A big city socialite and raconteur meets the small town community reeling from the recent grizzly murders of a family of four in the dazzling and involving Infamous.

What passes for wit and style in the night clubs and smoke-filled backrooms of New York City doesn’t typically fly with salt-of-the-earth types in remote towns in the Midwest. Celebrated wit and author Truman Capote (Toby Jones) finds this out first hand when he and writer Nelle Harper Lee (Sandra Bullock) leave their society bubble in search of a story in Holcomb, Kansas. There a home invasion turned gruesome will form the foundation for one of his most celebrated works. First he has to overcome the reticence of an entire citizenship unaccustomed and wary of big city folk invading their small town ways.

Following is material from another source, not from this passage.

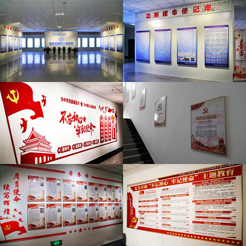 为增强学院文化氛围,发挥信控大楼文化育人功效,学院以“不忘初心、牢记使命”为契机,以党建为引领,从文化建设入口,大力营造特色信控文化。设计了党建引领、坚定信念主题;院情院史、学院标识主题;榜样标杆、典型示范主题;科技竞赛、成果展示主题;学科发展、专业教育主题;名人警句、传统文化主题,鼎新书院、公寓文化主题。营造一种处处是文化,时时见文化,人人有文化的氛围,通过潜移默化的文化宣传达到润物细无声的育人效果,使学生在思想、学业,特别是在弘扬社会主义核心价值观方面得到提升,充分发挥文化资源的育人价值。
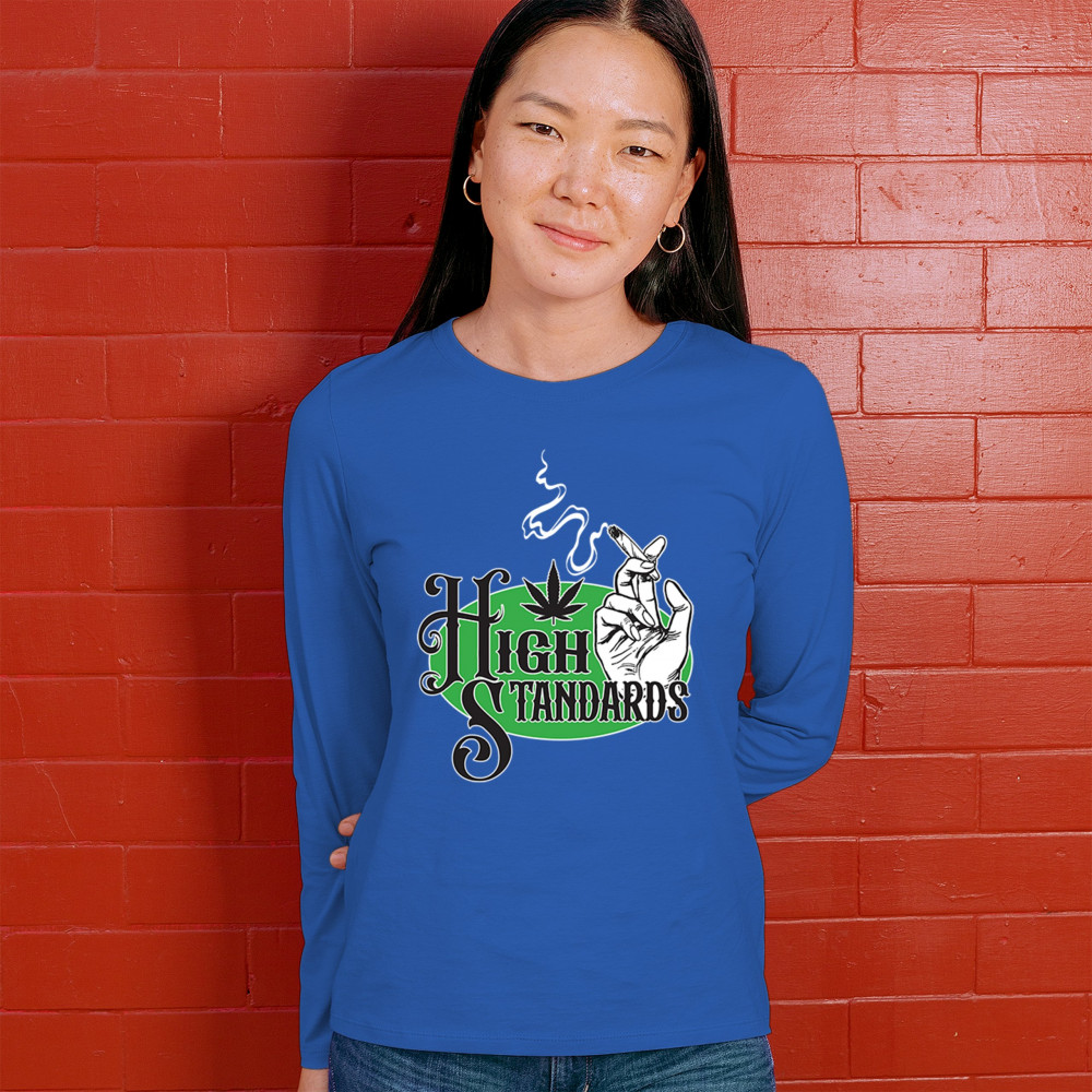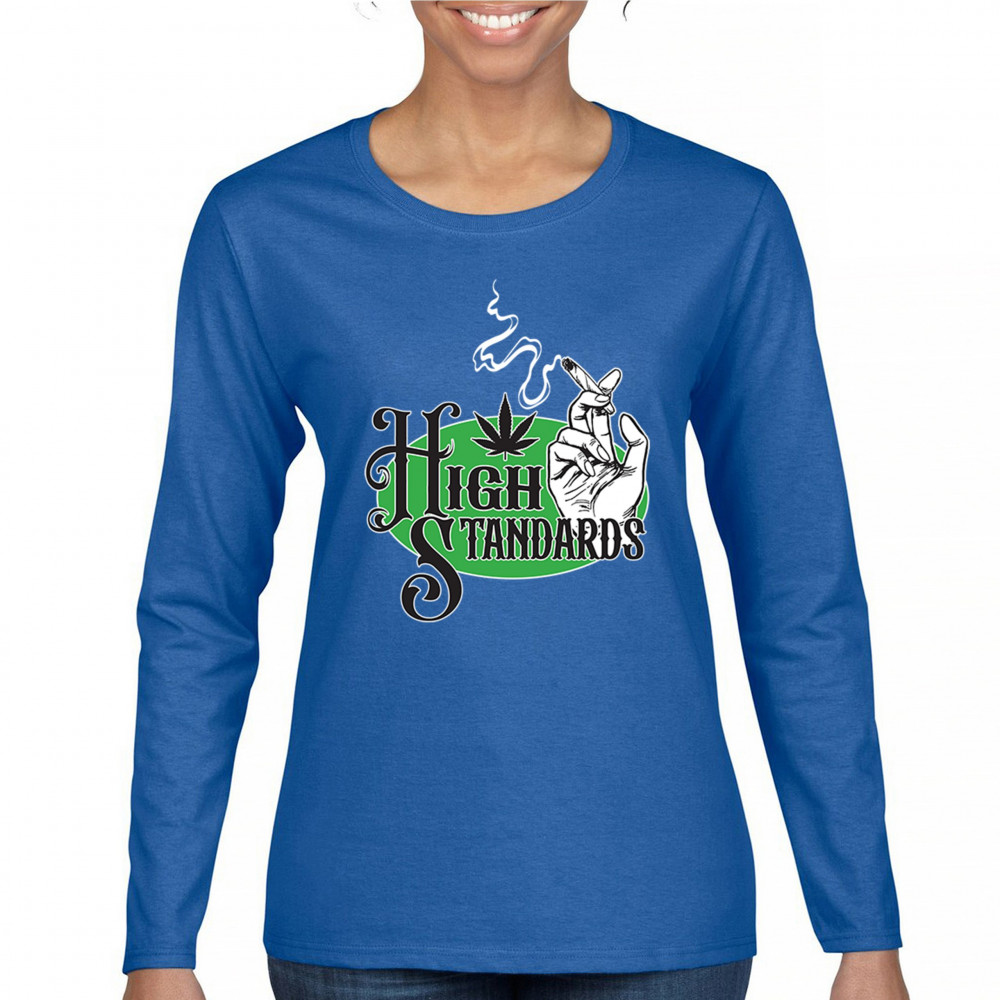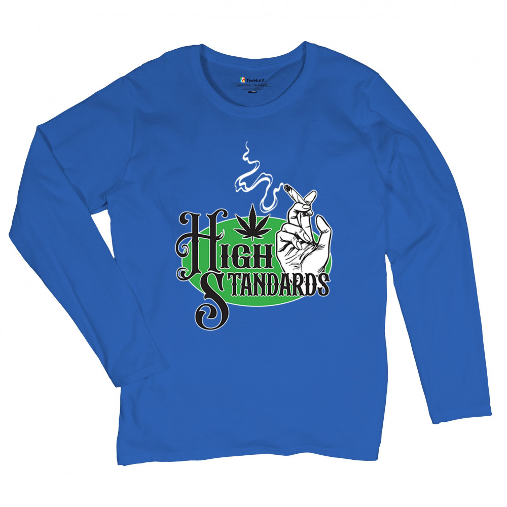 High Standards weed design with blunt humor and stoner pride. Features joint, cannabis leaf, pothead attitude, and classy chillout vibes.

Through Nelle and the sheriff’s wife, the community is opened up to him and he learns the background details of what transpired, but it’s the arrest of the crime’s two perpetrators that enables Truman to find the life and breath of what will eventually become In Cold Blood. There are certain actors who can so effortlessly capture the essence and mannerisms of a character that you could swear you were watching the original character in action. Jones gives such a performance. As Truman, he embodies the dialect, speech patterns, and physicality of Capote, bringing the audience into the foppish heart of its witty protagonist. As he explores the depths of Truman’s obsession with the murders, especially the personable guise of one of the two killers, Perry Smith (Daniel Craig), it’s impossible not to feel the weight of the events on his emotional well being.

Craig makes a stellar foil for Truman, impressing up on the towering literary figure his charm and innocence, stolen by the vicious crime he and his associate Richard Hickock (Lee Pace), a more violent and sociopathic figure, have committed. The entire cast is superb from Bullock as Truman’s friend, the dowdy Harper Lee, author of To Kill a Mockingbird to Jeff Daniels as Holcomb’s sheriff who is at first leery of Capote’s interest and desired access to the crime, but who becomes a trusted associate in his pursuit of justice.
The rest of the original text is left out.